Bu uygulama sonucu 3600 prim günü çalışanla 9500 prim günü çalışanların emekli aylığının aynı düzeye gelmesi, emekliler arasında eşitsizliğe yol açtı. Sosyal güvenlik sisteminin en temel kurallarından biri olan nimet – külfet dengesi bozuldu. Prim günü ile emekli aylığı arasındaki bağ ortadan kalktı.
EMEKLİLİK REFORMU NASIL OLACAK?
Sosyal güvenlik sisteminde nimet – külfet dengesini gözeten, prim günü ile emekli aylığı arasında bağı yeniden sağlayan, hakkaniyetli bir düzenleme yapılabilmesi için 2008 öncesi ve sonrasını kapsayacak şekilde emekli aylığı bağlama oranları ve güncelleme katsayılarının yeniden belirlenmesi gerekiyor. Böyle bir değişiklik mevcut tüm emeklilerin kök aylıklarının artırılması anlamına geliyor. Dezenflasyon programının uygulandığı bir dönemde bütçeye yük getirecek böylesi bir düzenlemenin hemen hayata geçirilmesi zor görünüyor.
Kapsamlı bir çalışmayı gerektirdiği hususu da gözetilerek kök aylıklarda artış sağlayacak düzenlemenin hayata geçmesinin bir iki yılı bulacağı tahmin ediliyor.

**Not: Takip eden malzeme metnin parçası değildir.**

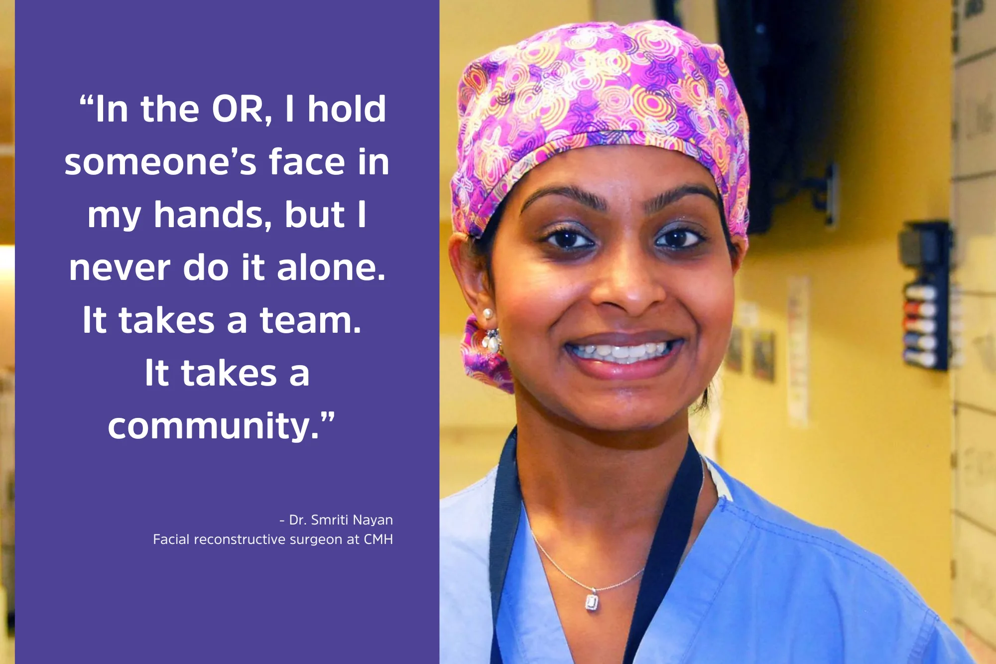 Over her 10 years at CMH, Dr. Nayan has seen firsthand how education, mentorship, and patient care are made possible by community generosity. “CMH might be smaller in size, but this community hospital is equally powerful in impact,” she shares. “This hospital is a place where care is personal. Where education is hands-on. Where service is shared, between professionals, families, and with the community.”
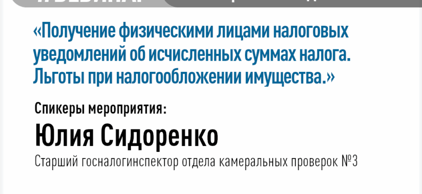 Приглашаем налогоплательщиков принять участие в вебинаре по теме «Получение физическими лицами налоговых уведомлений об исчисленных суммах налога. Льготы при налогообложении имущества».

Sosyal güvenlik sisteminde en acil düzenleme ihtiyacı en düşük emekli aylığı alanlar için bulunuyor. Her 6 ayda bir en düşük emekli aylığını artırmak zorunda kalmamak için tek geçim kaynağı emekli aylığından ibaret olanlarla ilgili bir sosyal yardım programı tartışılıyor. Almanya başta olmak üzere birçok ülkede uygulanan modelde, emekli aylığından başka geliri olmayanlara kira yardımı ve düzenli sosyal yardımlar yapılıyor. En düşük emekli aylığının 6 ayda bir artırılması ihtiyacını ortadan kaldırmak için düşünülen sosyal yardımın hak temelli olması, kime hangi koşulda sosyal yardım verileceğinin kanunla belirlenmesi gerekiyor.